1960 film by Michael Carreras

Passport to China (released in the U.K. as Visa to Canton) is a 1960 British adventure spy film released by Columbia Pictures; directed by Michael Carreras and starring Richard Basehart, Lisa Gastoni, Eric Pohlmann and Bernard Cribbins. The screenplay, which concerns a pilot who tries to rescue a woman from China, was based on a story by Gordon Wellesley and made by Swallow Productions and Hammer Films. It was made as a pilot for a planned BBC TV series, but ended up being released as a theatrical feature instead after Hammer's earlier Tales of Frankenstein TV pilot fared so poorly in the US. Bernard Robinson was production designer, Thomas Goswell and Don Mingaye were the art directors, Roy Ashton did makeup, and Dominic Fulford and Arthur Mann were the assistant directors. Filming went on from 9 June until 1 July 1960. It was trade shown on 20 November 1960, and released in the UK (in Technicolor) on 26 December 1960. It was theatrically released in the US only in black-and-white in February 1961. Hammer historian Tom Johnson remarked that it did not have "the feel" of a Hammer production in general.

==Plot==
Don Benton, a former World War II combat pilot, now running a travel agency in Hong Kong, refuses to take political sides and flatly rejects an offer to do espionage work for the United States.

When Mao Tai Tai, an old Chinese woman who more or less adopted Benton during the war years, asks him to try to find her missing grandson.

Knowing that the grandson was piloting a Formosan aircraft that disappeared over mainland China, Benton obtains a passport through a Russian friend, Ivano Kang. Flying to the mainland, he rescues the downed pilot.

To clear the young man's name, Benton goes to Canton to bring back one of the aircraft passengers, an independent agent, Lola Sanchez, who has memorized a vital scientific formula and is willing to sell it to the highest bidder.
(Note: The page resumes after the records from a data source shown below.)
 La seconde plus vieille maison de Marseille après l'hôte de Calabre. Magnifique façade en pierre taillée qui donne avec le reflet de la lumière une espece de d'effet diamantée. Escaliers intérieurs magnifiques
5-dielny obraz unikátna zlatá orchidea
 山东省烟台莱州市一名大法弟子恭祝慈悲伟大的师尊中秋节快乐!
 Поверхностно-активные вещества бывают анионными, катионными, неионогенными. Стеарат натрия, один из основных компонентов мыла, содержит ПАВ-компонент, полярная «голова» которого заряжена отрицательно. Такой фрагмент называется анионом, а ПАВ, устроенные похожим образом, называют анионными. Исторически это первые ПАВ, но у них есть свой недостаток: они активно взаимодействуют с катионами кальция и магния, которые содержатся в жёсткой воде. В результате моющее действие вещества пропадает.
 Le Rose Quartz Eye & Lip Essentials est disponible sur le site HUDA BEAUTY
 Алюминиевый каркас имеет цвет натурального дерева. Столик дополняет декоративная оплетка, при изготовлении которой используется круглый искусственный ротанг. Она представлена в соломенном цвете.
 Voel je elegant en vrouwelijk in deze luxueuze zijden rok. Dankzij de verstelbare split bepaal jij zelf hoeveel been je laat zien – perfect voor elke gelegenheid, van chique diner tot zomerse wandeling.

Kang tries to get the formula from Lola, but she kills him. Benton hopes to get Lola out of the city, but as they work their way through holiday street crowds, she is fatally wounded by Kang's bodyguard and dies with her secret. Back in Hong Kong, Benton once more turns down an offer to do undercover work for the CIA.

==Cast==

- Richard Basehart as Don Benton
- Lisa Gastoni as Lola Sanchez
- Athene Seyler as Mao Tai Tai
- Eric Pohlmann as Ivano Kang
- Alan Gifford as Orme
- Bernard Cribbins as Pereira
- Burt Kwouk as Jimmy
- Marne Maitland as Han Po
- Milton Reid as Kang's bodyguard (uncredited)
- Hedgar Walllace (as Inspector Taylor)
- Yvonne Shima (as Liang Ti)
- Zoreem Ismail
- Paula Lee Shiu
- Gerry Lee Yen

==Production==
Location scenes for Passport to China were filmed in Hong Kong. Released in Great Britain in Technicolor in December 1960 as Visa to Canton, the film was shown in the US in black-and-white as Passport to China. Although the male lead, Richard Basehart had starred in a number of prestigious feature films in the 1950s, by this point in his career, his prospects had faded.

==Reception==
The Monthly Film Bulletin wrote: "Hammer's incursion into the exotic East (authentic backgrounds but Athene Seyler playing a Chinese matriarch), and the territory of the spy thriller, is badly let down by an involved plot and an excess of sentimentality (the hero's attachment to a friendly Chinese family) and melodrama. Basehart and Pohlmann give respectable performances, but the picture tries too hard for an overly broad appeal."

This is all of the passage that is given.